Ao permitir uma interação mais colaborativa entre os Poderes, o semipresidencialismo fomenta a atuação a partir da base normativa constitucional, desincentivando procedimentos informais que redundam na prática de atos pouco republicanos. Além disso, respeitar-se-ia a tradição brasileira de eleição direta para a Presidência da República, ao mesmo tempo que se evitaria a concentração excessiva de poder nas mãos do chefe de Estado. A implementação do semipresidencialismo permite uma relação mais harmoniosa entre o Poder Executivo e o Poder Legislativo, além de permitir a participação das minorias no programa de governo. Contribui, também, para uma redução das crises políticas, mesmo no caso em que não exista maioria que apoie o programa de governo, uma vez que existirá a possibilidade do governo de coabitação, pois é mais fácil trocar o governo e, até mesmo, o Parlamento, do que substituir um presidente por meio de um processo de impeachment. Por fim, a adoção do sistema semipresidencialista pode contribuir para reduzir a polarização política e uma menor ação do papel político do Supremo Tribunal Federal para apaziguar as divergências entre o Congresso e o Governo, podendo o presidente da República funcionar como mediador ou árbitro no sistema político. Para que essa reforma tenha sucesso, é necessário resolver previamente a fragmentação do sistema partidário — é necessário primeiro alterar o sistema eleitoral, de modo a obter uma redução muito significativa do número de partidos, e só depois fazer a reforma do sistema político.
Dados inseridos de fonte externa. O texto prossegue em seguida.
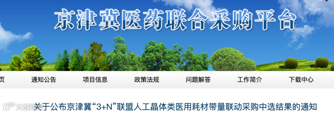 日前,北京市医药集中采购服务中心、天津市医药采购中心、河北省医用药品器械集中采购中心发布《关于公布京津冀“3+N”联盟人工晶体类医用耗材带量联动采购中选结果的通知》(以下简称《通知》)。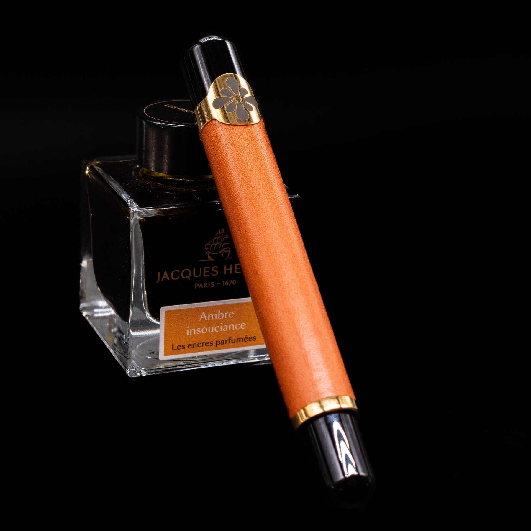 The defining feature of this edition is its genuine camel leather exterior, carefully applied by hand to create a warm, tactile surface that stands apart from traditional lacquer or resin finishes. The leather evokes classic interiors—reminiscent of vintage automobiles and refined lounges—giving the pen a unique character that develops further with use.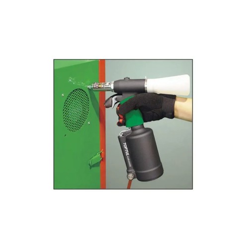 Пневмогідравлічний заклепочник TOPTUL 2.4-5.0 мм KARA0205. Підходить для заклепок з алюмінію / сталі і неіржавіючої сталі. Призначений для професійної клепки і безперервної роботи. Конструкція з подвійним повітрозабірником дозволяє легко працювати з правою або лівою рукою. Новий використаний контейнер з оправою для захисту очей оператора і підтримання робочих місць у чистоті. Конструкція амортизатора для мінімізації втоми рук. Шумоглушник для зручності. Розумна конструкція наконечника, щоб уникнути втрати заклепок. Конструкція отвори для заправки масла для швидкого заповнення запасу гідравлічного масла. Комплект включає в себе складальник оправки заклепок, два комбінаційних ключа, кисть, гідравлічний інжектор масла без масла і один комплект додаткових щелеп.

Enquanto o Executivo se submete ao Legislativo, o Judiciário brasileiro tem sido protagonista em debates sobre os problemas do país. Por que o STF, na sua visão, se tornou tão forte?
Penso que a força do STF advém, em grande medida, da qualidade dos seus 11 membros. São personalidades prestigiadas, com vida profissional e social relevante e, por isso mesmo, geradores de enorme respeitabilidade e prestígio. São os protagonistas do regime político-partidário que, inúmeras vezes, recorrem ao STF para dirimir conflitos e reduzir a conflitualidade.
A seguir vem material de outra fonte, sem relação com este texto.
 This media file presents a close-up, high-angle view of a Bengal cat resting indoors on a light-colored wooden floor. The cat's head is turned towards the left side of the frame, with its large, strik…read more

Como vê os ataques dos bolsonaristas a ministros do Supremo Tribunal Federal e à própria Suprema Corte brasileira?
Com óbvia preocupação. Qualquer ataque a órgãos de soberania, seja ele qual for, e parta o mesmo de quem partir, não é bom para a democracia, enfranquecendo-a e tornando-a mais vulnerável.
Na sua visão, o atentado a Trump fez dele um candidato imbatível nas eleições norte-americanas?
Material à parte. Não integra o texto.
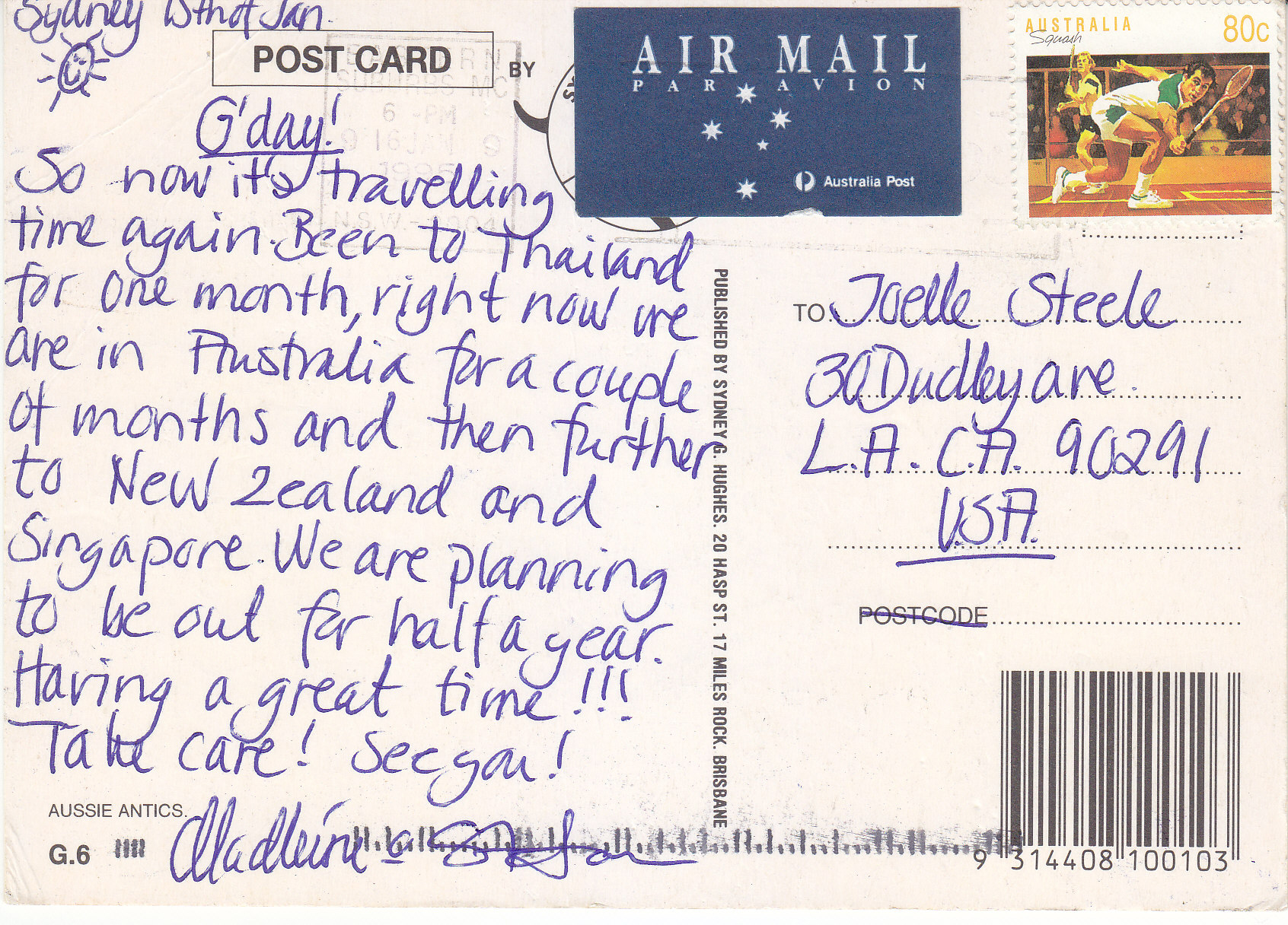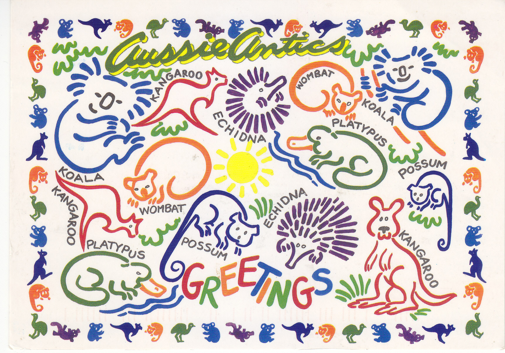 POSTCARD #150 Aussie Antics. Greetings. G.6 [Australia]. Published by Sydney G. Hughes, 20 Hasp St., 17 Miles Rock, Brisbane [Australia]. [Some printing covered by stamps.] 5.5" x 4" VG

Imbatível, não sei, aliás ninguém sabe. Mas que o tornou ainda mais forte, com certeza que sim, pelo menos, é isso que as sondagens têm confirmado.
Kamala Harris tem mais possibilidades de derrotar Trump do que o presidente Joe Biden?
Pelo menos, pese um certo apagamento a que o seu cargo foi votado nestes últimos anos, Kamala Harris aparenta ser uma candidata menos vulnerável que Joe Biden. Se isso chega para derrotar Donald Trump, a que tudo tem corrido bem nos últimos dias, é uma incógnita cujo desfecho ninguém poderá adivinhar. A política é feita de surpresas e o que hoje aparenta ser verdade, amanhã pode não passar de uma mentira.
Acredita que uma eventual vitória de Donald Trump nos Estados Unidos fortaleceria o bolsonarismo no Brasil?
Aprendi ao longo dos anos que estou na política que um dos fatores que a caraterizam é a imprevisibilidade. Na política o 1+1 não somam necessariamente 2, tal como não se reduz a preto e branco.